Once again, consider that there are many slight individual differences, such as those observed in offspring from the same parent. (Sometimes differences are just assumed to have arisen this way because they are frequently observed in individuals of the same species living in a confined locality.) No one would argue that all the individuals of a species are cast in the very same mold. Individual differences are important because they supply material for natural selection to accumulate, just as humans can accumulate individual differences in any direction in domestic organisms. Individual differences generally occur in what naturalists consider “unimportant parts,” but I could show a long list of examples where physiologically or classificatorily important parts also vary. I am certain that the most experienced naturalist would be surprised at how many cases of variability, even in important structural parts, can be collected from good authorities. Keep in mind that systematists do not like finding variations of important characteristics, and there are not many people prepared to laboriously compare the internal organs of many specimens from one species. I never expected that the branching pattern of nerves close to an insect’s central ganglion would vary within a species – I expected such changes to occur in small increments – yet Mr. Lubbock recently showed the variability of these main nerves in Coccus to be comparable to the irregular branching of trees. He also found that the muscles in the larvae of certain insects are far from uniform. Some authors state that important organs never vary, and in a circular argument they basically classify “important traits” as those that are invariable (a few naturalists have honestly confessed this). In this scheme there cannot be any varying important parts by definition! But under any other scheme many examples can be given.

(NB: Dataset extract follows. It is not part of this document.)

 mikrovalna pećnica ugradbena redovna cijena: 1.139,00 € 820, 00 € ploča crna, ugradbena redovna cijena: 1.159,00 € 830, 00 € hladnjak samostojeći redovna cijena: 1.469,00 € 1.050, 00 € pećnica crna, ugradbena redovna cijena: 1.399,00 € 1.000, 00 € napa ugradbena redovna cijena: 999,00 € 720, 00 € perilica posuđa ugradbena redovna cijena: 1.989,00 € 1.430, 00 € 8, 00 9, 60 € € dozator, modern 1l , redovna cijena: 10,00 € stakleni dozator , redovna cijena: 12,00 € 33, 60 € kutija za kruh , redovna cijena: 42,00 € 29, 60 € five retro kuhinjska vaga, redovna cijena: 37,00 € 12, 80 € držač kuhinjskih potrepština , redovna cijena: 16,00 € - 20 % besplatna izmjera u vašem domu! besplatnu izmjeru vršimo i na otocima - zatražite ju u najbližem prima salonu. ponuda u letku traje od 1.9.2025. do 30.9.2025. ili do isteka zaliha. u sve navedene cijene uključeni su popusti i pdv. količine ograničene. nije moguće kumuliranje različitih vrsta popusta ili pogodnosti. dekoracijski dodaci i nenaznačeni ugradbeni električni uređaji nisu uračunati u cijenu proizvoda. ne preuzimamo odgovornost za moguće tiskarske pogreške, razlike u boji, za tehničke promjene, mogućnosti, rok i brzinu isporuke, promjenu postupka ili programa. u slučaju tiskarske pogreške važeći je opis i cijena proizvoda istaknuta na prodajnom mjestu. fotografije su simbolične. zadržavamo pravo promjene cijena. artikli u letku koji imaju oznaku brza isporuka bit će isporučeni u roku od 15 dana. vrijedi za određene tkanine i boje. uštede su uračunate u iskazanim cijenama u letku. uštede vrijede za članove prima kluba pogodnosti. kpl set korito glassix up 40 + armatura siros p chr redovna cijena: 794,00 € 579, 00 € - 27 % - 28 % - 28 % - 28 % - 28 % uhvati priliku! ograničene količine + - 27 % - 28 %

With respect to individual differences, one point strikes me as extremely perplexing: the “polymorphic” genera, in which species vary so inordinately that few naturalists can agree which forms should be ranked as species and which as varieties. Among plants, examples include Rubus, Rosa, and Hieracium; among animals, there are several genera of insects and brachiopods. Most polymorphic genera contain some species with fixed characteristics. Also, genera that are polymorphic in one region seem to be polymorphic in others, with a few exceptions. Judging from brachiopod shells, genera remain polymorphic through time. These observations are perplexing because they suggest that this type of variability is independent of the environment. I suspect that members of polymorphic genera vary in characteristics that are of no service or disservice and have therefore not been seized and rendered definite by natural selection, as I explain later.

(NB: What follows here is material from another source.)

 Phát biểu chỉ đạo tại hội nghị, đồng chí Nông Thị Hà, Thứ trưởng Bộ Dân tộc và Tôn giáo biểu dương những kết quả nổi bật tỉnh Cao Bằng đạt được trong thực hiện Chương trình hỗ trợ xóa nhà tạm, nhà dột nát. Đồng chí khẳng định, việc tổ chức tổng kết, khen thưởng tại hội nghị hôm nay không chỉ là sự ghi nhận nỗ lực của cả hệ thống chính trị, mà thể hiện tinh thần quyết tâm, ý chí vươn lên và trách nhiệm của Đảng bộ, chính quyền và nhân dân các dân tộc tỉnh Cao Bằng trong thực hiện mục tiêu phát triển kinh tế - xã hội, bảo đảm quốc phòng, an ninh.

Those forms that could justifiably be considered species but are similar enough to other forms or linked to them by intermediates so that naturalists do not rank them as distinct species are very important for this discussion. There is every reason to believe that many of these “doubtful” forms have permanently retained their characteristics in their native regions for as long as “true” species. On a practical level, when a naturalist can link two forms through intermediates, he will treat the most common one, or the one that happened to have been described first, as the species and the other as a variety. But there are some very challenging cases – I won’t list them – concerning whether or not one form should be classified as a variety of another even if they are closely linked by intermediates. The commonly assumed “hybrid nature” of intermediates does not always solve the problem. In many cases the intermediate forms have not been found, and they are assumed by analogy to either exist undiscovered or to have become extinct; here a wide door for the entry of doubt and conjecture is opened.

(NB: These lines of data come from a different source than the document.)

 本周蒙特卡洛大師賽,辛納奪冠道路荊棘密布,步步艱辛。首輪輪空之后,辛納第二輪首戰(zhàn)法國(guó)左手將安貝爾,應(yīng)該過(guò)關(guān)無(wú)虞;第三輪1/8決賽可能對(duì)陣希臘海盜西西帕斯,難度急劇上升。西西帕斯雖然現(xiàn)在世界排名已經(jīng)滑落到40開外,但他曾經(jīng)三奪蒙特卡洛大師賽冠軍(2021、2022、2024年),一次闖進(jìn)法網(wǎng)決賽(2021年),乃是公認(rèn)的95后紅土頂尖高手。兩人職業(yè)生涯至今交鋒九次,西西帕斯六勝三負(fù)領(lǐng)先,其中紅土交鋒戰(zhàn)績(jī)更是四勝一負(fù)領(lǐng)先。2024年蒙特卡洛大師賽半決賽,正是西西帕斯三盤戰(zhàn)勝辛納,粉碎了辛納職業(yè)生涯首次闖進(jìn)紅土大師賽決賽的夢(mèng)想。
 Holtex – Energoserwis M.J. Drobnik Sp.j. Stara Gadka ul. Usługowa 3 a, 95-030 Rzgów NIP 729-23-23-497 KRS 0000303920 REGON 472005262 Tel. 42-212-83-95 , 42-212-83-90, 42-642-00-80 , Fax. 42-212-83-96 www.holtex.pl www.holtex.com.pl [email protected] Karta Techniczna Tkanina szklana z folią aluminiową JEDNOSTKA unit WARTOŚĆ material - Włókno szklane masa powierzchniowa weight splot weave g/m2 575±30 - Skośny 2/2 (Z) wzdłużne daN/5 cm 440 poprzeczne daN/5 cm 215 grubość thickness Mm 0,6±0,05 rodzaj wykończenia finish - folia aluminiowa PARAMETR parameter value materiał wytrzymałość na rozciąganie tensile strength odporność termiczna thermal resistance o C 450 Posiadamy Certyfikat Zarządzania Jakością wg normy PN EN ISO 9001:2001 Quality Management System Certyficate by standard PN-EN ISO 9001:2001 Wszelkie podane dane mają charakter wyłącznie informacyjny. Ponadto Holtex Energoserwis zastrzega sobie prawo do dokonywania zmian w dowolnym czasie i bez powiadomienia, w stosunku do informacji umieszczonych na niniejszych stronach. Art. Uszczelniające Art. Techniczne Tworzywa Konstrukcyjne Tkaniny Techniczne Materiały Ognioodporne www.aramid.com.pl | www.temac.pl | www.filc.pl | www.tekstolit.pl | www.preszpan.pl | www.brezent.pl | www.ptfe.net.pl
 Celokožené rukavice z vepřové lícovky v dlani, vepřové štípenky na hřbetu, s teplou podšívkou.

It cannot be disputed that these doubtful forms are common.1 A surprising number of plants from Great Britain, France, and the United States have been ranked as species by some botanists and mere varieties by others. Mr. H. C. Watson, to whom I am grateful for all kinds of assistance, has listed for me 182 British plants that are generally considered varieties but have all been ranked by some botanists as species. He did not include many minor varieties that have nevertheless been ranked as species by some botanists; he entirely omitted several highly polymorphic genera. Under genera, Mr. Babington lists 251 species, whereas Mr. Bentham lists only 112, amounting to a difference of 139 doubtful forms! Doubtful forms of mobile animals that mate to reproduce are rare within the same region but common in separated areas. Many slightly differing North American and European birds and insects are ranked by one naturalist as undoubted species and by another as varieties. Many years ago, when comparing birds of the Galápagos Archipelago to one another and to those of the American mainland, I was struck by the vague and arbitrary distinction between species and varieties. Many of the insects on Madeira are ranked as varieties in Mr. Wollaston’s admirable book but would certainly be characterized as species by many entomologists. Even Ireland has a few animals generally considered varieties but ranked as species by some zoologists. Several experienced ornithologists consider the British red grouse a variety of a Norwegian species, while most rank it as a species peculiar to Great Britain. If there is a large distance between the homes of two doubtful forms, many naturalists rank them as species, but what distance will suffice? If that between Europe and America is enough, is the distance between the Continent and the Azores, or Madeira, or the Canaries, or Ireland also enough? Trying to discuss the demarcation between a variety and a species before establishing any definition of these terms is like hammering the air.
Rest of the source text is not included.